Bypaths of Kansas History - February 1947
February 1947 (Vol. 15 No. 1), page 104.
Transcribed by lhn;
digitized with permission of the Kansas Historical Society.
TRACK LAYING ON THE UNION PACIFIC
From the Leavenworth Weekly Commercial, June 20, 1867.
An observer thus tells how the track-laying on the Pacific railroad is done: "A small car having been loaded in the same manner and with the same precision as the large ones had been, was run forward to the end of the track by horse-power. A couple of feet from the end of the rails already laid down checks were placed under the wheels, stopping the car at once. Before it was stopped, a dozen men grasped a rail on each side, ran it beyond the car, laid it down on its chairs, gauged it, and ere its clank ceased to reverberate, the ear was run over it and another pair of rails drawn out. This process was continued as rapidly as a man would walk. Behind the car followed a man dropping spikes, another setting the ties well under the heads of the rails, and thirty or forty others driving in the spikes and stamping the earth under the ties. The moment that one car was emptied of its iron, a number of men seized it and threw it off the track into the ditch and the second followed on with its load."
LOVE IN BLOOM
From the Kansas Daily Tribune, Lawrence, May 13, 1868.

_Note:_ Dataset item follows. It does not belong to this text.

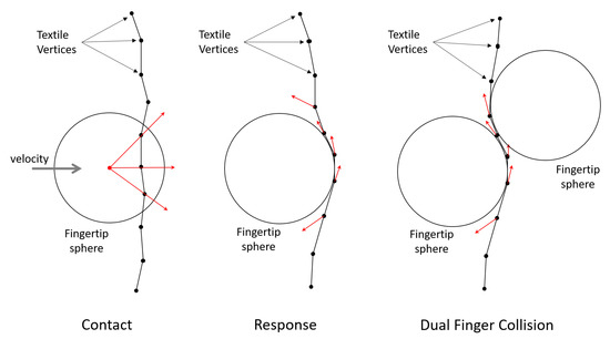 The collision check between the cloth and the operator’s fingertips is evaluated by computing the distance between implicit sphere surfaces and textile vertices. An alternative option could be the one of checking the collisions between the spheres and each triangle composing the textile. However, the computational cost of this operation is larger and would require propagating the forces exerted on a specific point of the triangle surface back to the triangle vertices. Given the dimension of the sphere radius (fingertip width) compared to the distance between nodes in the simulated textile (dimension of the triangles), the per vertex collision check is a sufficient approximation that gives a boost to the computational complexity of the algorithm. The cost of this operation is linear to the number of vertices.
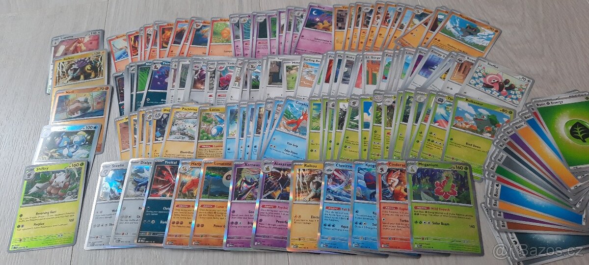 originál, karty by se neměly opakovat, slušný základ pro komplet základních karet, chybí asi jen 14 obyč., holo jsou všechny, obsahuje tedy asi 96 obyč.karet, 16 energií, lesklé 12 holo a jen 5 reverse, PPLbox 76 Kč

A newly married couple, from some place away up the Kaw, made their appearance on the streets yesterday, who had evidently been united so recently as to still be under the influence of the "gentle delirium." In passing down Massachusetts street, in the distance of one square, they stopped four times on the sidewalk to kiss, and otherwise exchange compliments. 'Twas a sweet and touching sight.
INDIANS VS. THE UNION PACIFIC
From the Marysville Enterprise, May 16, 1868.
A band of Indians, ten or twelve in number, attacked one of Shoemaker, Miller & Co., trains, seventeen miles west of Coyote [the fight took place in present northern Gove county], at about noon today, and burned three freight cars on a side track, tore down the telegraph poles, and destroyed a portion of the track. They also attempted to throw a construction train from the track, but failed. A number of other Indians were seen at some distance off, but how many was not known-Lawrence Tribune, 9th.
A few days after the recent attack by Indians on the construction train west of Coyote, our Railroad friends tell us that the Indians attempted to capture the locomotive alive. They took a large quantity of telegraph wire, and doubling it several times, stretched it across the track, an Indian or two holding each end. They didn't want to shoot the thing lest they might injure it, and hence this strategy.